El mito de Sísifo, librito que Camus publicó en 1942, se abre con una premisa brillante: la necesidad de plantear el discurso sobre el suicidio como tema central de la Filosofía.
Por desgracia, pronto, en muy pocas líneas, se tuerce este propósito del que tanto fruto podría haberse obtenido, y así, si bien es estrictamente exacto y lúcido plantear que el suicidio debe entenderse como punto de partida de toda filosofía, atribuir (como Camus hace acto seguido) al espíritu la decisión definitiva resulta, cuando menos, apresurado e irreflexivo.

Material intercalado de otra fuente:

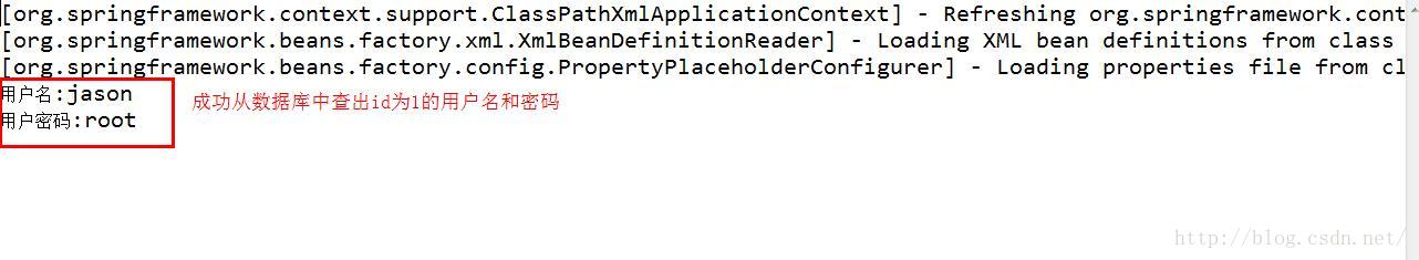 在service包下serviceImpl包下新建UserServiceImpl类<span style="font-size:18px;"><span style="font-size:18px;">package com.cntv.service.serviceImpl; import javax.annotation.Resource; import javax.servlet.http.HttpServletResponse; import org.springframework.context.ApplicationContext; import org.springframework.context.support.ClassPathXmlApplicationContext; import org.springframework.stereotype.Service; import com.cntv.dao.IUserDao; import com.cntv.entity.User; import com.cntv.service.IUserService; import org.springframework.http.converter.json.MappingJackson2HttpMessageConverter; @Service public class UserServiceImpl implements IUserService { @Resource private IUserDao userDao; @Override public User getUserById(int userId) { // TODO Auto-generated method stub return this.userDao.selectByPrimaryKey(userId); } public static void main(String[] args) { ApplicationContext ca= new ClassPathXmlApplicationContext("spring-mybatis.xml"); UserServiceImpl u=(UserServiceImpl) ca.getBean("userServiceImpl"); User ue= u.getUserById(12); System.out.println("用户名:"+ue.getUserName()); <span> </span> System.out.println("用户密码:"+ue.getPassword()); } public IUserDao getUserDao() { return userDao; } public void setUserDao(IUserDao userDao) { this.userDao = userDao; } }</span><span style="font-size:14px;"> </span></span>

La pregunta, creo, no debería ser tanto la que discrimina entre ser y dejar voluntariamente de existir, sino, más bien, una del tipo ¿por qué la sociedad emplea tanto afán en disuadirnos del suicidio?
Camus, errando por ese camino (al que desemboca, mucho me temo, por el mero afán de epatar al lector medio), llega a la conclusión de que Kafka (sobre todo en El Castillo, y tras la experiencia de El Proceso) plantea en sus textos una humildad individual y terrena, necesariamente esperanzadora, de la existencia. Sin embargo, ni lejanamente es así: parafraseando a Cioran, los personajes de Kafka han tenido el inconveniente de nacer en relatos basados en las reglas sociales más profundas de nuestra cotidianeidad, con lo que el suicidio está prohibido de antemano, ni siquiera se insinúa. De todo el catálogo de opciones, la decisión absoluta sobre la propia vida se descarta.
Para un optimista que confíe a pies juntillas en la libertad esto supone mucho más que un mero atisbo de esperanza, pero la obra de Kafka no puede interpretarse de tal manera. Nadie tiene por qué proyectar su alegría de vivir en los demás, del mismo modo que se extralimita quien interpreta de forma tan interesada los relatos que le desasosiegan.
Si leemos lúcidamente El Castillo, sin reparos ni melindres, llegaremos a la certidumbre de que el mundo es un territorio aplastado por la desesperanza. Un lugar opaco en el que incluso el remedio del suicidio se valora en términos de rendición o vergüenza.